[Problem details]:
Each entry must be given again exactly; images do not belong in the copy.

[The data]:
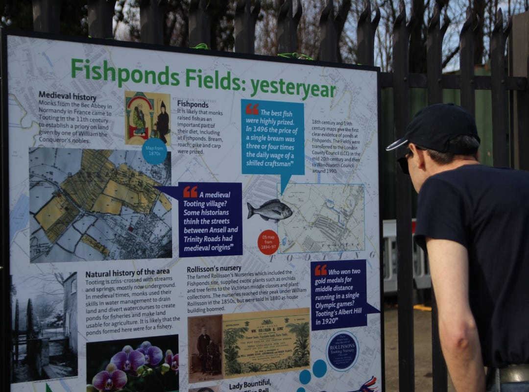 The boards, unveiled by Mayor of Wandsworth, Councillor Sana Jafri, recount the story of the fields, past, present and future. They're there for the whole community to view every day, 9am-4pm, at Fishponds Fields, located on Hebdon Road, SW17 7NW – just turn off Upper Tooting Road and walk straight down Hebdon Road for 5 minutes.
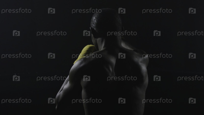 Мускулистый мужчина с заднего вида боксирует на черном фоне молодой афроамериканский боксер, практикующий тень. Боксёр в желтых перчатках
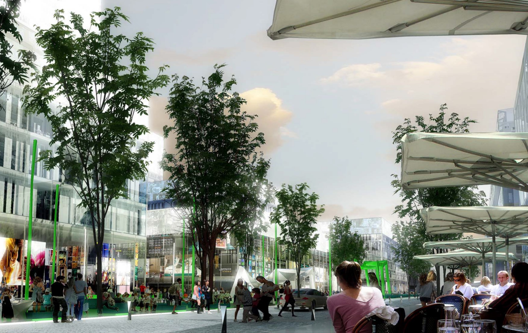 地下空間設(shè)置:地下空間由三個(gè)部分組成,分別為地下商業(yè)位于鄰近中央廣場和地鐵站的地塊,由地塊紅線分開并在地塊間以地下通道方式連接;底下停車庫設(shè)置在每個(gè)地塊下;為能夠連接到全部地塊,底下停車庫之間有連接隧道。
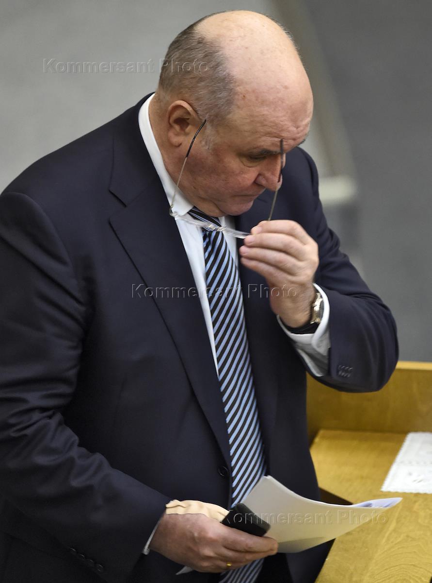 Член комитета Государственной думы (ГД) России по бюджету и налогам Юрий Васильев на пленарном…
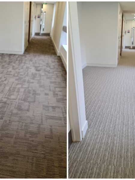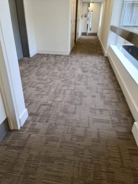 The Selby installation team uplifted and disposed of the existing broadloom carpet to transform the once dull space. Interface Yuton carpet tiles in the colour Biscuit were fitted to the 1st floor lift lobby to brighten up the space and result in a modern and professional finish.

[Task solution]:
 The boards, unveiled by Mayor of Wandsworth, Councillor Sana Jafri, recount the story of the fields, past, present and future. They're there for the whole community to view every day, 9am-4pm, at Fishponds Fields, located on Hebdon Road, SW17 7NW – just turn off Upper Tooting Road and walk straight down Hebdon Road for 5 minutes.
 Мускулистый мужчина с заднего вида боксирует на черном фоне молодой афроамериканский боксер, практикующий тень. Боксёр в желтых перчатках
 地下空間設(shè)置:地下空間由三個(gè)部分組成,分別為地下商業(yè)位于鄰近中央廣場和地鐵站的地塊,由地塊紅線分開并在地塊間以地下通道方式連接;底下停車庫設(shè)置在每個(gè)地塊下;為能夠連接到全部地塊,底下停車庫之間有連接隧道。
 Член комитета Государственной думы (ГД) России по бюджету и налогам Юрий Васильев на пленарном…
 The Selby installation team uplifted and disposed of the existing broadloom carpet to transform the once dull space. Interface Yuton carpet tiles in the colour Biscuit were fitted to the 1st floor lift lobby to brighten up the space and result in a modern and professional finish.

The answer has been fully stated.